The table was quiet. Roger knew about Monty’s state: so did Caro. So did Margaret. I could not prevent my glance deviating towards him. Nor, in that quiet and undisciplined instant, could others. He was sitting with his eyes open and meaningless, his mouth also open: he looked more childlike than clever, foolish, a bit of a clown.

It was Caro who cracked the silence. Her colour had risen. She called out, just like someone offering a bet: ‘Damn it, most of us do our best, don’t we?’ She was teasing Margaret and me, each of whom had been married twice. She laughed at Arthur and Hermione Fox. They had plenty of time ahead, she said, they probably wouldn’t do any better than we had all done.

Arthur gave a creaking laugh. If Caro had been his own age, she would have known exactly how much he fought shy of getting married; she would have had it out of him. He wouldn’t have cared. For some, the flash of sympathy between them was a relief.
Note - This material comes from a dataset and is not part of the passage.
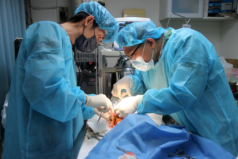 獸醫聯合味重傷虎斑貓進行手術。翻攝新北市政府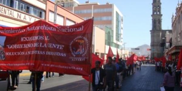 El día de ayer jueves, miembros de Antorcha Campesina Nayarit, marcharon de nueva cuenta, por las calles de Tepic, rumbo al Palacio de Gobierno; en demanda que se cumpla el acuerdo firmado por el Gobierno en 2011.

Except that, for some moments yet, Monty Cave sat with his clown’s face. Then his expression, and those of the rest of us, became disciplined again.

With one exception, that Margaret and I speculated about. At the head of her own table, Diana was crying. Even when she gave us orders about how long to stay over the port, the tears returned. When we were alone in our bedroom, Margaret and I talked about it. Yes, she had behaved much as usual after dinner; she still sounded like a curious mixture of Becky Sharp and a good regimental officer keeping us all on our toes. We both knew that her marriage to Skidmore was supposed to have been an abnormally happy one. Was that why she had cried?